The average score on this problem was 92%.

Answer: x=0, y=1, z=0

Intuitively, can maximize the TVD between the distributions by putting all of Pallavi’s medals in the category which Gerevich won the least of, so x = 0, y = 1, z = 0. Moving any of these medals to another category would decrease the TVD, since that would mean that all of Pallavi’s medal proportions would get closer to Gerevich’s (Silver is decreasing, getting closer, and Gold and Bronze are increasing, which makes them closer as well).

Difficulty: ⭐️⭐️⭐️

The average score on this problem was 72%.

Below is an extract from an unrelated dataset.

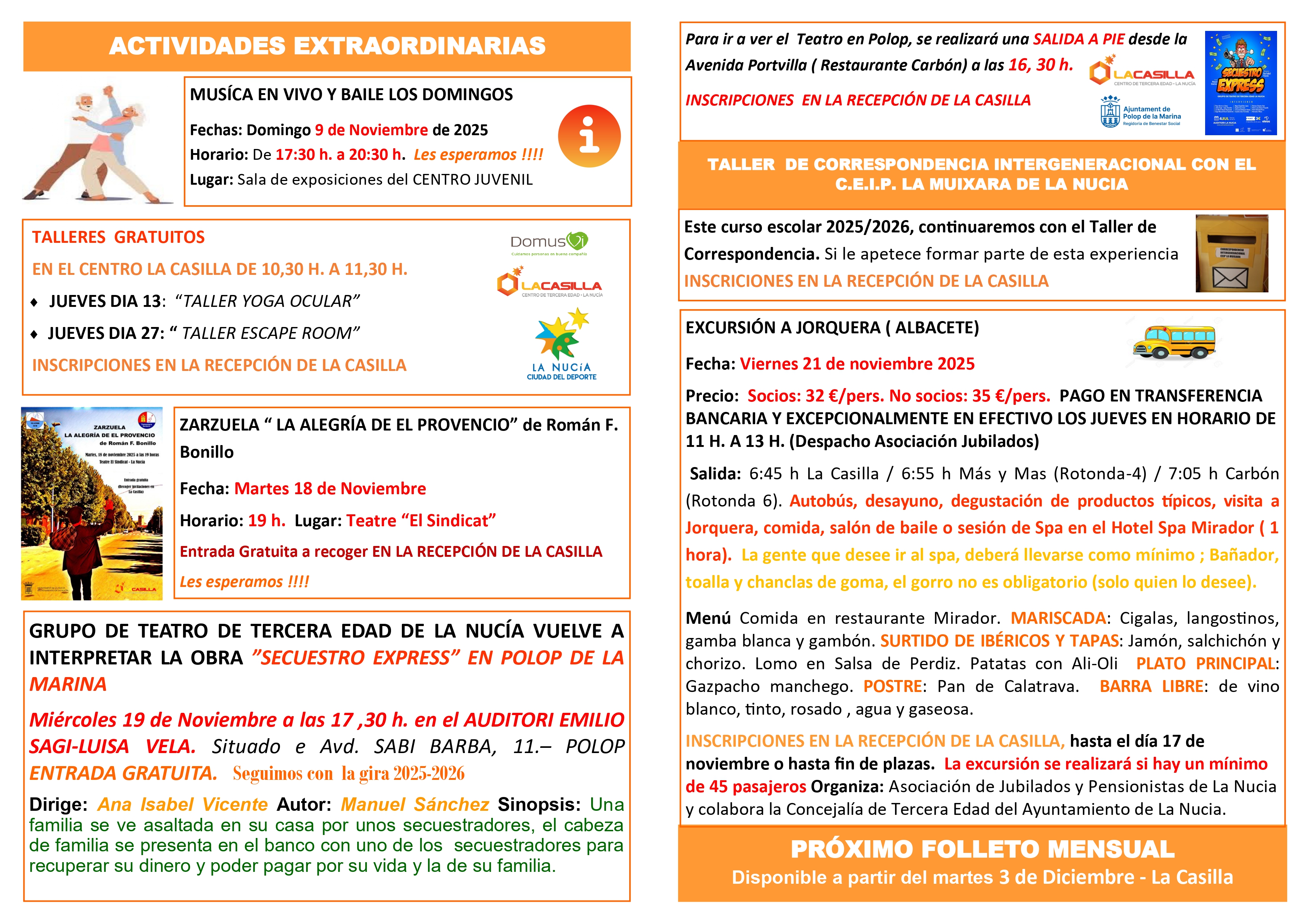 La concejalía de la Tercera Edad en colaboración con la Asociación de Jubilados y Pensionistas de La Nucía ha elaborado la programación de actividades para el mes de noviembre de 2025, entre las que destaca los talleres de yoga e intergeneracionales, el baile dominical, una acuación de zarzuela y una excursión a la localidad de Jorquera (Albacete).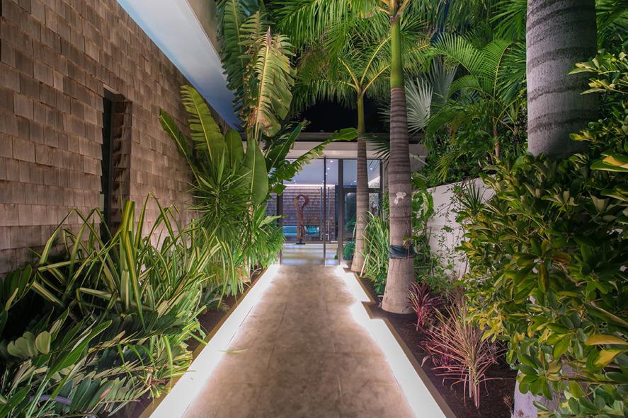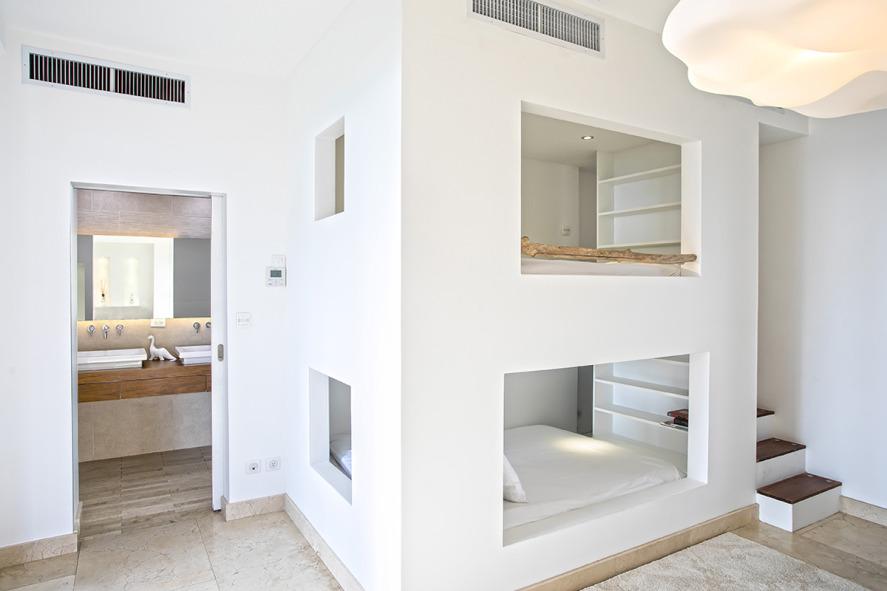 The first three bedrooms are located on the main level, including the master suite, which opens directly onto the tropical garden, offering a refreshing and exotic start to each morning. One of the other two rooms features two large bunk beds, providing the ideal setup for children and close proximity to the master bedroom.

Answer: 1 - medal_dist.min()

Similar to part c, we know that the TVD is maximized by placing all the medals of competitor A into the category in which competitor B has the lowest proportion of medals. If we place all of competitor A’s medals into this bin, the difference between the two distributions for this variable will be 1 - medal_dist.min() In the other bins, competitor A has no medals (making all their values 0), and competitor B has the remainder of their medals, which is 1 - medal_dist.min(). So, in total, the TVD is given by \frac{1}{2} \cdot 2 \cdot 1 - medal_dist.min() = 1 - medal_dist.min().

Difficulty: ⭐️⭐️⭐️

The average score on this problem was 56%.

Answer: Option 2 and 5.

This problem is trying to find test statistics that can be used to distinguish when the data is better supported by the alternative. Since the alternative hypothesis simply states “is not uniform across all of the houses”, it is not crucial to look for individual differences between houses but rather the general relationship of points awarded to all houses.

Option 1: This option only tells us information about Gryffindor but doesn’t tell us anything about inequalities between other houses. For example,e if Gryffindor received 25% of the points and Slytherin received the other 75% of the points we would not be able to tell this apart from the case when all houses received 25% of the points.

Option 2: When the points are distributed normally we would expect that all the houses receive about the same amount and therefore the difference of points would be near 0. However, if one house is gaining more points than the rest of the houses then the number of points between the top and lowest house we be greater than 0. Therefore we are “measuring” the alternative.

Option 3: This test statistic measures the sum of the squared differences in proportions between McGonagall’s distribution and [0.5, 0.5, 0.5, 0.5]. However, [0.5, 0.5, 0.5, 0.5] does not represent a valid probability distribution because the total sum exceeds 1. As a result, this test statistic is not meaningful in assessing whether the point distribution is uniform across houses.

Option 4: When we measure the sum of the differences, the information on “how close” the data is to the alternative can be unseen. For example, a distribution of [0.25, 0.25, 0.25, 0.25] is what we’d expect under the null and a distribution of [0.0, 0.5, 0.0, 0.5] would support the alternative. However, using this test statistic we would see a result of 0 therefore not differentiating them.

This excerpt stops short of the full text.